Ford has announced it is cutting 7,000 white collar jobs worldwide. The news is not a welcome one, but nor is it really much of a surprise. The company is in the midst of a massive restructuring plan that aims to ensure its long-term survival.
Still, the number is large, representing around 10% of the automaker’s global white-collar workforce. The decision is in line with the company’s drive to transition to new technologies, most notably electric and self-driving vehicles.
According to Ford, the job cuts will allow it to save $600 million USD per year. This figure was advanced as part of a memo sent by Ford CEO Jim Hackett to the company’s employees this past Monday.
“To succeed in our competitive industry, and position Ford to win in a fast-changing future, we must reduce bureaucracy, empower managers, speed decision making, focus on the most valuable work, and cut costs.”
- Jim Hackett, CEO, Ford
800 of the job losses will be in the United States; 500 of them take effect immediately, while another 300 positions will be eliminated in the very near-future. In all, some 2,300 positions are being abolished by Ford in the U.S., 1,500 workers having already accepted voluntary buyouts.
The majority of the job cuts are taking place at the company’s HQ in Dearborn, Michigan. The positions being eliminated are mainly in the marketing, engineering, product-development, logistics and finance departments.

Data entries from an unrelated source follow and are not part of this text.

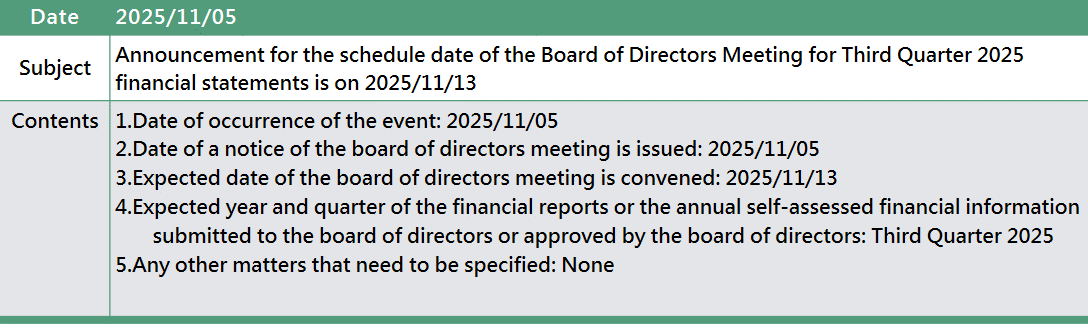 Announcement for the schedule date of the Board of Directors Meeting for Third Quarter 2025 financial statements is on 2025/11/13
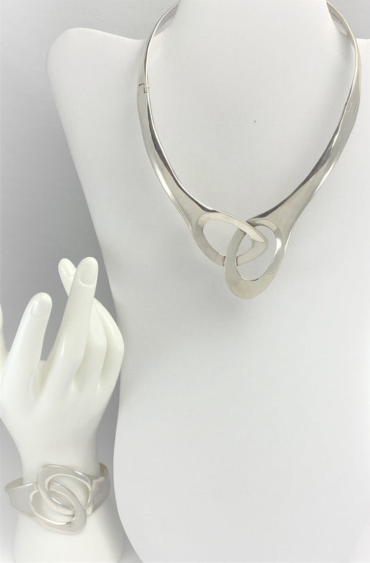Superb Alicia Taxco 950 Sterling Modernist Statement Necklace Cuff Set 1980s
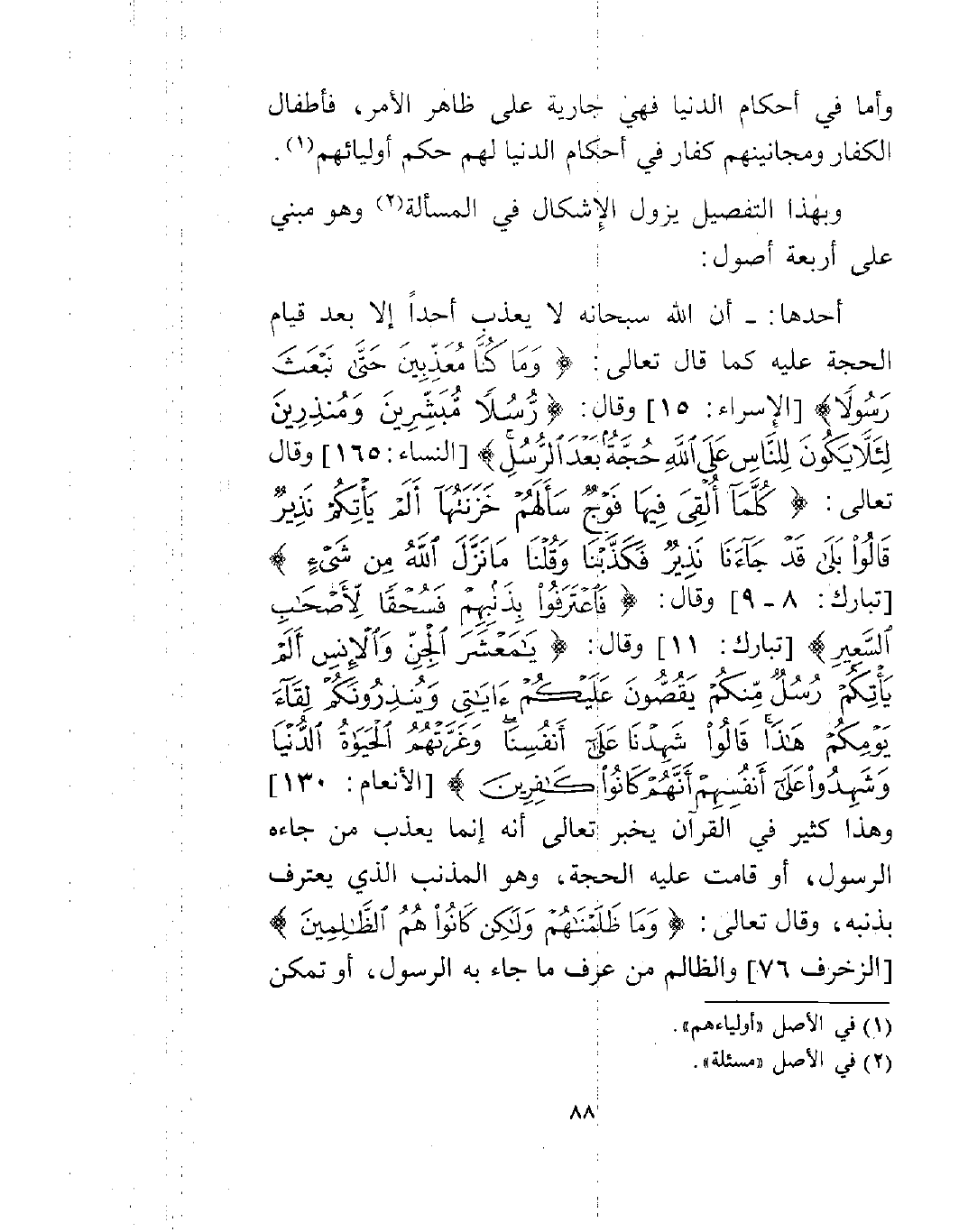 أحدها: أن الله سبحانه لا يعذب أحداً إلا بعد قيام الحجة عليه كما قال تعالى: {وَمَا كُنَّا مُعَذِّبِينَ حَتَّى نَبْعَثَ رَسُولاً} [الإسراء: 15] وقال: {رُسُلاً مُبَشِّرِينَ وَمُنْذِرِينَ لِئَلَّا يَكُونَ لِلنَّاسِ عَلَى اللَّهِ حُجَّةٌ بَعْدَ الرُّسُلِ} [النساء: 165] وقال تعالى: {كُلَّمَا أُلْقِيَ فِيهَا فَوْجٌ سَأَلَهُمْ خَزَنَتُهَا أَلَمْ يَأْتِكُمْ نَذِيرٌ * قَالُوا بَلَى قَدْ جَاءَنَا نَذِيرٌ فَكَذَّبْنَا وَقُلْنَا مَا نَزَّلَ اللَّهُ مِنْ شَيْءٍ} [الملك: 9:8] وقال: {فَاعْتَرَفُوا بِذَنْبِهِمْ فَسُحْقاً لِأَصْحَابِ السَّعِيرِ} [الملك:11] وقال: {يَا مَعْشَرَ الْجِنِّ وَالْأِنْسِ أَلَمْ يَأْتِكُمْ رُسُلٌ مِنْكُمْ يَقُصُّونَ عَلَيْكُمْ آيَاتِي وَيُنْذِرُونَكُمْ لِقَاءَ يَوْمِكُمْ هَذَا قَالُوا شَهِدْنَا عَلَى أَنْفُسِنَا وَغَرَّتْهُمُ الْحَيَاةُ الدُّنْيَا وَشَهِدُوا عَلَى أَنْفُسِهِمْ أَنَّهُمْ كَانُوا كَافِرِينَ} [الأنعام:130] وهذا كثيرا في القرآن يخبر تعالى أنه إنما يعذب من جاءه الرسول أو قامت عليه الحجة، وهو المذنب الذي يعترف بذنبه، وقد قال تعالى: {وَمَا ظَلَمْنَاهُمْ وَلَكِنْ كَانُوا هُمُ الظَّالِمِينَ} [الزخرف:76] والظالم من عرف ما جاء به الرسول، أو تمكن

To get a sense of the magnitude of Ford’s restructuring plan, it’s important to understand that the company’s goal is to find $25.5 billion in cost reductions. Meanwhile the automaker is making big investments in the development of new technologies.
Change is afoot at Ford, in a big way. Only time will tell if the decisions being made will have been the right ones.
Even if you acknowledge the necessity of the moves being made by Ford, job cuts like this one are never easy to swallow. In the past six months, we’ve seen Tesla slash 3,000 jobs, Jaguar-Land Rover cut loose 4,500 workers and General Motors eliminate 14,000 jobs.